# going to turbo a GA16



## nissan1995 (Mar 30, 2003)

hey i know this is probably been reviewed but i cant find it so. Im going to get a T-25 Turbo, a DSM front mount intercooler and the stock wastgate. What else would i need just to be able to run like 4-6 Psi and not have any problems. where could i find the products too.turbo timer,lines,i know i need an exhaust manifold, piping, etc....... Thank you


----------



## holy200sx (Jan 8, 2003)

dude...

wow... your asking a question that has tooooo many answers to even start begining to question making ur car a turbo.. you cant really run 4-6 psi with no problems, unless you spend 600 bucks for JWT to tune your ecu, and even then, you still need to spend all the money getting the manifold, piping, couplers, oil lines, turbo timer is only if your lazy.. just leave yoru car on low rpms for 1 minute before you turn it off.. 

dude

save yourself the hassle and get the hotshot kit.


----------



## nissan1995 (Mar 30, 2003)

i dont want a hotshot kit i was just wondering cause i know a couple ppl that can get this stuff for cheap and was just asking for advice


----------



## James (Apr 29, 2002)

it's never cheap, if you work miricales it can be as low as 1k bucks... average it will run you closer to 2500...


----------



## holy200sx (Jan 8, 2003)

you get waht you pay for.


----------



## Katana200sx (May 13, 2002)

for a write up on how to turbo a ga...go to the forced induction section and check out jame's sticky at the top


----------



## 1CLNB14 (Apr 30, 2002)

Oh man, not this again....

Please do a search...


----------



## Madmax (Apr 30, 2002)

I've just installed a turbo set-up on my GA and honestly, if I had to do it again, I would have gotten the HotShot kit. Less asshole and a lot less time on piecing it out and putting it on the car. Every thing was custom made for my kit. Trust me not worth it in the end. Of course it cost me a little less and thank god I've got mechanic background .

My 2 cents

MAx


----------



## chimmike (Oct 17, 2002)

1CLNB14 said:


> *Oh man, not this again....
> 
> Please do a search... *


yeah.

and I also suggest the Hotshot kit. It may be expensive, but, since you obviously know nothing else except what turbo you want to run, this kit will be perfect for you.


----------



## StevenLK (Jul 15, 2002)

there is sum other site. thats been posted just found that does sum turbo set up for the ga1.6, its http://www.importperformanceparts.net/imports/turbospec_nissan.html 
hope this helps but i think its just the t20 for like 1,700


----------



## myoung (Apr 15, 2002)

StevenLK said:


> *there is sum other site. thats been posted just found that does sum turbo set up for the ga1.6, its http://www.importperformanceparts.net/imports/turbospec_nissan.html
> hope this helps but i think its just the t20 for like 1,700 *


please stop posting this crap...its been said over and over... That kit sucks.....its BS and a waste of money...those guys have no clue about anything Nissan little lone the GA16....


----------



## holy200sx (Jan 8, 2003)

lol, i emailed them asking a buttload of questions, and heres what they replied with (after asking about changing a turbo, what comes with it from nuts to gaskets)

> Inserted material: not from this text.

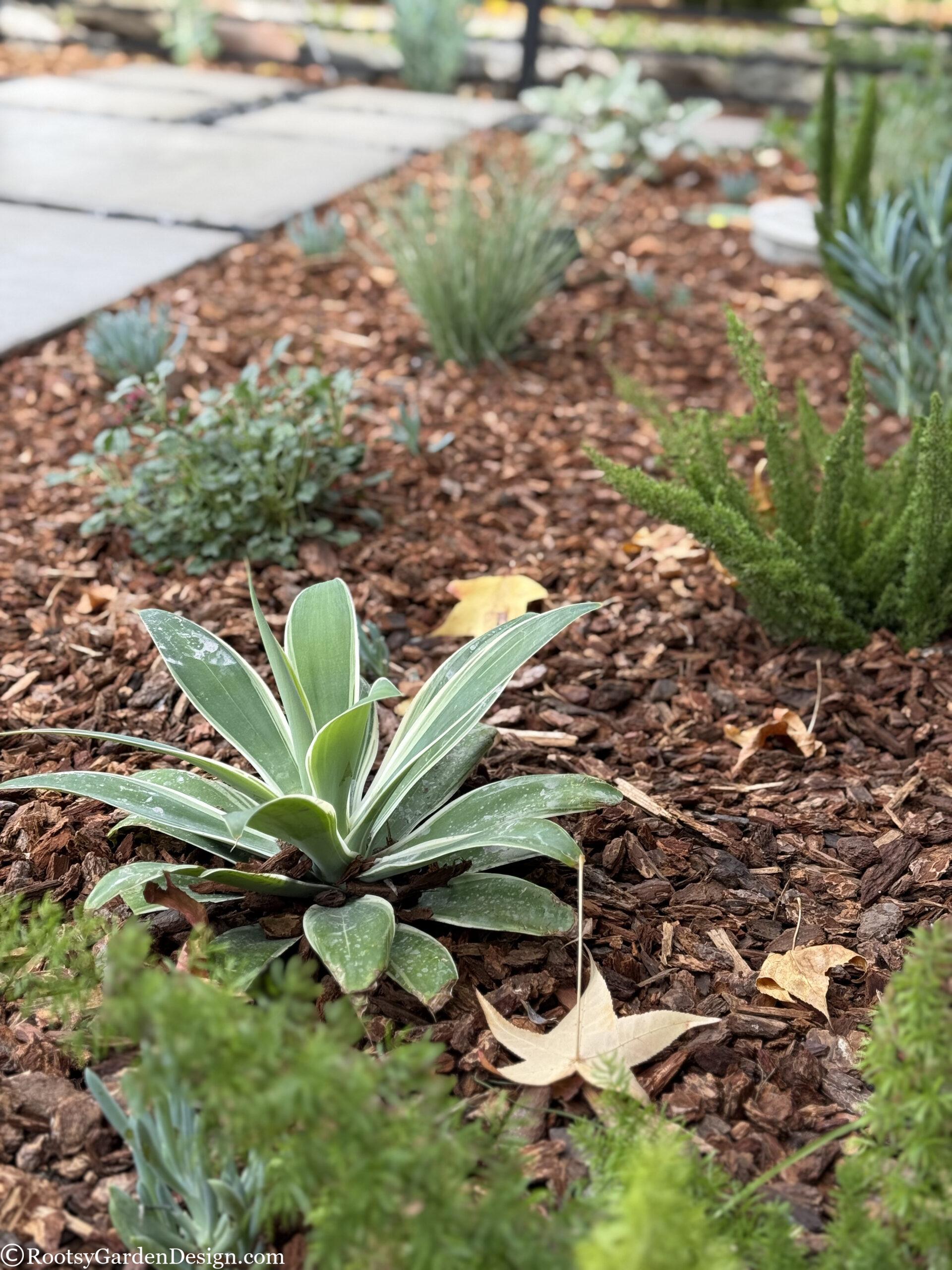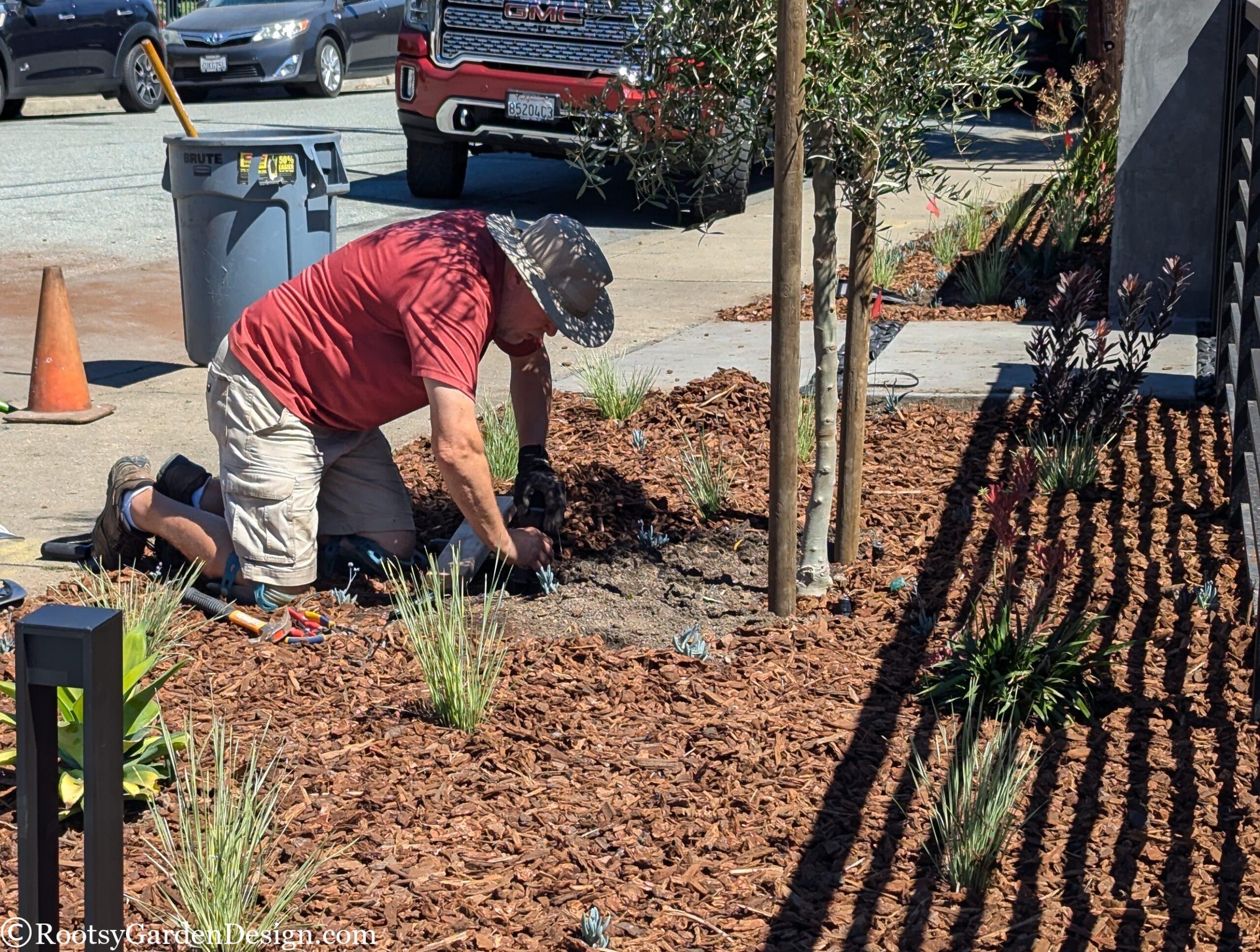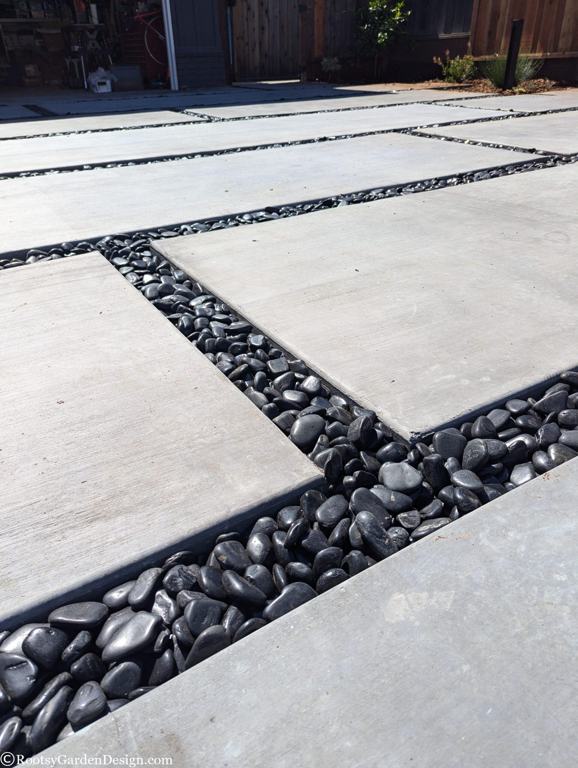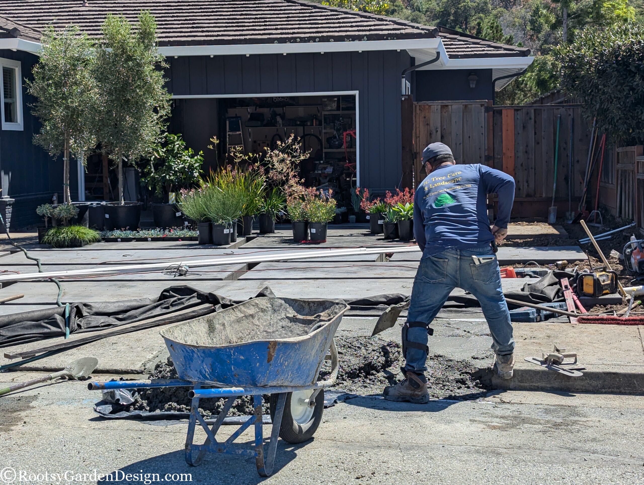 During Covid, our canine loving clients leaned into the joys of entertaining close friends and family in their backyard. So much so, they wanted to expand their outdoor social space into the front yard. They loved their classic California ranch-style home, but dreamt of a more modern aesthetic. Although the budget didn’t allow for major structural or siding changes to the house, we assured them we could satisfy their modern ambitions with landscape design elements. We assisted with everything from a new house color, new garage door, fencing, and custom concrete slabs with eye-catching pebble seams for a striking driveway, entry path and a lounge seating area. A smooth concrete address wall frames the entry path and anchors a modern horizontal aluminum gate and fence. Now when our clients host indoor-outdoor gatherings, they can focus on making their famous cocktails and rest easy knowing the family pups are safely secure on the property. This project was also a great opportunity to take advantage of the city’s Lawn-To-Garden rebate program. We designed a lower water use planting plan and provided everything our clients needed to secure over $2k back in their pockets.

Every part in the kit is listed there are no extra parts other than that,we can ask the supplier if we can take out the reg when you order.


----------



## TheVodKA (Sep 19, 2002)

It's crap. For manifold, go to JGSTools Good price and you can mount the flange anywhere for that ideal piping setup


----------



## holy200sx (Jan 8, 2003)

hell for 250 that aint a bad price at all


----------